The exponential distribution describes the time between events in a process where such events occur independently and at a constant average rate (a “Poisson process”). Lambda, the single parameter of the distribution, defines the average rate of the events. The mean and variance of this distribution are both equal to 1/lambda.
In R, we can obtain n samples from an exponential distribution with the following code:
rexp(5,0.2)
## [1] 1.0156533 0.4406902 8.5772410 1.5403781 2.5494587
For a larger we need tidyverse too
library(tidyverse)
large <- rexp(100000,0.55)
summary(large)
## Min. 1st Qu. Median Mean 3rd Qu. Max.
## 0.000008 0.523749 1.264569 1.824301 2.540215 18.985635
sd(large)
## [1] 1.819019
qplot(large,col="black", xlab = "large", ylab = "count")
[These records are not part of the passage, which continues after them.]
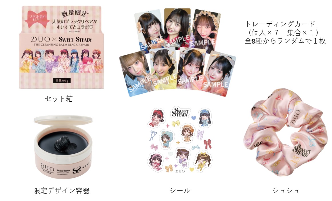 ベストコスメを多数受賞するDUOの⼈気商品「ザ クレンジングバーム ブラックリペア」とSWEET STEADYによるコラボ商品は、イラストレーターasukaがメンバーを描き下ろしたイラストが配された外箱デザイン。オリジナルデザインのシュシュ、シール、トレーディングカードがセットになった限定商品となります。
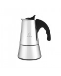 Caffettiera realizzata in alluminio e dotata di pomolo arricchito da un inserto in metallo.
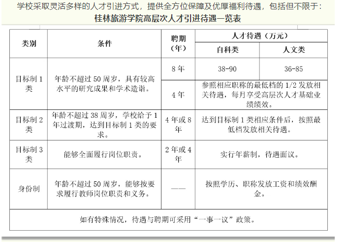 4.根據(jù)自治區(qū)政府文件要求,符合相應(yīng)條件者,學(xué)校積極配合申請(qǐng)廣西壯族自治區(qū)高層次人才認(rèn)定和各類人才項(xiàng)目,若入選可享受各類優(yōu)厚的人才待遇,詳情請(qǐng)登錄廣西高層次人才“一站式”服務(wù)平臺(tái)(http://www.gxrc.org/)查閱。首次來(lái)桂工作的35歲以下、具有博士學(xué)位的青年人才,可按照政策申領(lǐng)自治區(qū)青苗人才普惠性支持。如入選桂林市高層次人才,還可以享受桂林市高層次人才有關(guān)津貼、購(gòu)房補(bǔ)貼和個(gè)稅獎(jiǎng)勵(lì)等人才補(bǔ)助。詳見(jiàn)桂林市高層次人才一站式服務(wù)平臺(tái)(https://gcc.glrcw.com/)。
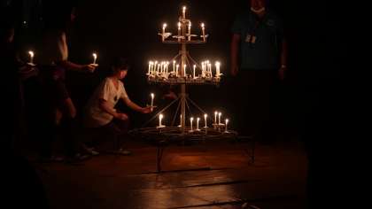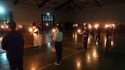 1日目夜のキャンドルファイヤーの様子です。普段とは違う雰囲気を味わったり、学年のみんなでダンスをしたりし、思い出深い夜になりました。

In this exercise, we investigate the Central Limit Theorem by simulating 1000 independent exponential distributions (with identical lambda) and calculating their mean. These 1000 means form a distribution themselves. By the CLT, as the sample size of this new distribution increases, the following things should happen:
n <- 40
lambda <- 0.2
mean_expected <- 1/lambda
sd_expected <- 1/(lambda*sqrt(n))
c(mean_expected, sd_expected)
## [1] 5.0000000 0.7905694
means <- NULL
for(i in 1:1000) means = c(means,mean(rexp(40,0.2)))
qplot(means, col="black",xlab="means", ylab="count")
The mean seems to be around 5, lets check it
round(c(mean_expected, mean(means)),2)
## [1] 5.00 5.03
round(c(sd_expected, sd(means)),2)
## [1] 0.79 0.77
After looking at those close numbers we conclude that CLT works fine.